The other aspect of this that I suspect is unusual is that in many cases the perception is instantaneous or close to it.  In Why I don’t do Christmas cards I describe how many people just “know” whether another person is sincere.  They are unconsciously analyzing micro-expressions, body language, and spoken communications in real time to get a sense of the other person without necessarily being able to explain how they arrived at it.

While I can’t do this at all with people it is a good analogy for how I perceive complex software systems.  If I know enough about the systems involved, I perceive their interactions, boundary surfaces, overlaps and limits as an intuitive sense, and I just “know” things without necessarily being able to describe how I arrived at that knowledge.

Very often when I’m diagnosing a problem I intuitively “know” the answer within minutes but then spend have to devise the means by which to demonstrate it.  It turns out that business clients tend to insist on logical explanations and proof before committing hundreds of thousands of dollars based on my advice.  If I can’t explain my recommendations, or if the explanation of a software problem begins with a physics lesson, I don’t get asked to return.

This also explains why I do my best work at night.  It is only when I stop trying to block the invading thoughts and embrace them that I enter a state of flow.  The analysis I do in that state is what people pay me for.  Since I’ve focused on Enterprise Network Security and am responsible for tightening up the security of many vendors you and I rely on daily, I consider this my mission in life.  That I’m paid to follow that passion and that it makes a positive difference in the world are a continual source of amazement to me and I’m grateful every day for it.  But it isn’t something that switches on and off.  It’s almost impossible to maintain a state of flow and pay even the slightest attention to the phone, chat, emails, and other interruptions that go on all day.

Getting back to the 5 seconds which inspired the blog post, it was one of those instantaneous things.  I knew immediately that the email was unusual and funny, and with an incredible amount of detail about a great many ways in which that was so.  When I wrote that those things went through my head in 5 seconds the description was a bit lazy of me.  What actually happened was that one of those conceptual objects materialized fully formed in my thoughts and in sufficient detail that I could write a book.
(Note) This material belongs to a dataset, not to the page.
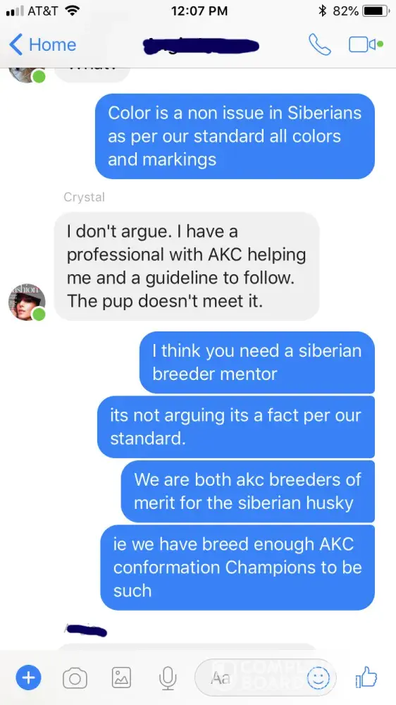 I have purchased 2 puppies from Ms. Chism and have additionally bred to one of her stud dogs. I have found Ms. Chism to consistently be professional and courteous, advising me on contracts, sales, and breeding. I know Ms. Chism to be well-respected within the Siberian Husky community and a member in good standing with the Siberian Husky Club of America for whom she edits publications. Ms. Chism is very active in the Siberian Husky community in Texas, and is known to be kind and willing to mentor not only exhibitors new to the Siberian ring, but other breeds as well. I saw the aforementioned post on Facebook, however the OP's story is not quite accurate as she did not see the post herself. The OP's name was not mentioned at any point, nor was anything said about the OP other than, "Seller beware, " which is something that most breeders do in order to protect other breeders from stumbling into a contract that they may eventually regret. The entire situation was simply an "FYI" from one breeder to other breeders, and comments made below the original post are not in the control of Ms. Chism, nor did they necessarily reflect her own views. I understand that the OP's feelings were hurt, but I believe that to take things to the internet in an attempt to hurt Ms. Chism's business is reprehensible. What the OP does not reveal is that she also took this to the BBB in another attempt to destroy Ms. Chism's business, and was told that this small, personal situation does not warrant investigation by the BBB.

The 5 seconds I spent next was kind of like when you win the shopping spree and they give you a cart and some allotted time to grab all you can.  In this case I just grabbed the low-hanging fruit and generated English descriptions to approximate the concepts I happened to pick.  The number of things listed in the post isn’t remarkable because it is large but rather because it is so small.  Some of the omitted material was too bawdy.  Some relied on connections between seemingly unrelated things.  But most of the omitted material was funny only in context of my personal experience.  I laugh out loud recalling those but nobody else would get the joke so I struck it.  The post is what’s left after all that culling.

Sorry for a long-ish answer to the seemingly simple question of “How can all that go through your head in 5 seconds?!”  I figured the seemingly simple response of “how can it not?” didn’t do it justice.